Parameters used in these programmatic commands

Among the crucial parameters utilised in these programming instructions are:

editor-id or EditorId: Identifies the workspace for the EMR Studio.
relative-path or RelativePath: The path of the notebook file with relation to the workspace’s home directory is specified. My_folder/python3.ipynb and demo_pyspark.ipynb are two examples of pathways.
execution-engine or ExecutionEngine: Either an EMR cluster ID (j-1234ABCD123) or an EMR on EKS endpoint ARN and type to specify which engine to utilize.
service-role or ServiceRole: The IAM service role, such as EMR_Notebooks_DefaultRole, is specified.
notebook-params or notebook_params: Enables a notebook to receive various parameter values, removing the need for numerous notebook copies. The usual format for parameters is a JSON string.
notebook-s3-location or notebook_s3_location: The input notebook file’s S3 bucket and key are specified.
output-notebook-s3-location or output_notebook_s3_location: Specifies the S3 bucket and key where the output notebook will be kept.
notebook-execution-name: Gives the performance a unique moniker.
notebook-execution-id or notebook_execution_id: When describing, pausing, or listing, this is used to identify a particular execution.
–from and –status: Parameters to filter displayed executions based on status and/or start time.

Additionally, EMR Notebooks may be accessed in the console as EMR Studio Workspaces, according to the documentation. Additional IAM role permissions are required for users to access or create Workspaces. StartNotebookExecution, DescribeNotebookExecution, ListNotebookExecutions, and iam:PassRole permissions are among the specific IAM policies needed for programmatic execution. When using an EMR Notebooks cluster (EMR on EKS), additional permissions pertaining to emr-containers are required.

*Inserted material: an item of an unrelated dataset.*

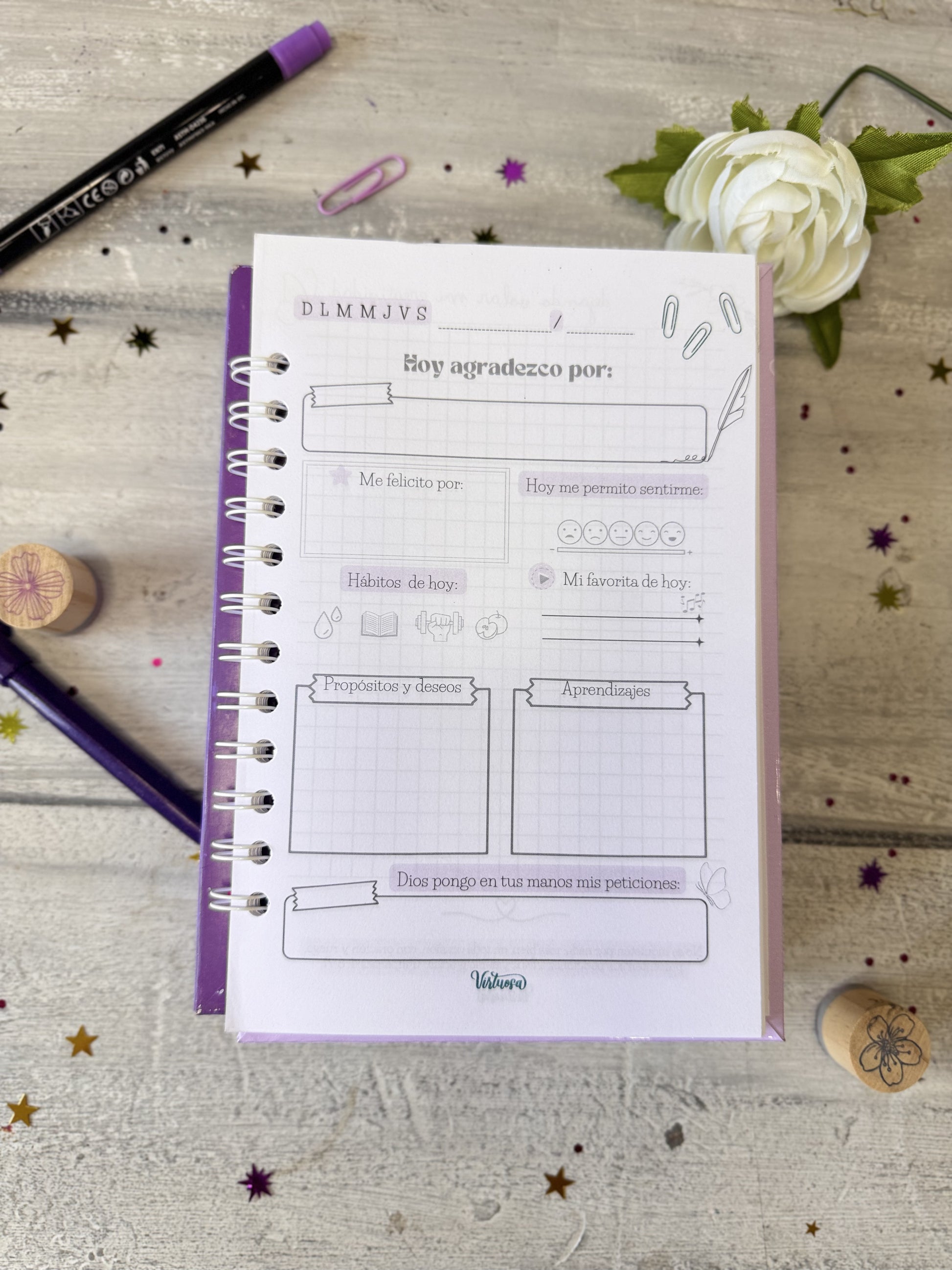 Libreta de gratitud y crecimiento personal para llenar. Medidas14 x 21 cm , tapas duras brillantes, hoja bolsillo, stickers, mapa de sueños, fechas especiales, calendario.

An execution is terminated if it continues for more than 30 days, and there is a limit of 100 concurrent executions per AWS Region per account. Interactive Amazon EMR Serverless applications do not enable programmatic execution.

You may use AWS Lambda and Amazon CloudWatch Events to plan or batch EMR notebook runs, or you can use Apache Airflow or Amazon Managed Workflows for Apache Airflow (MWAA) to coordinate them.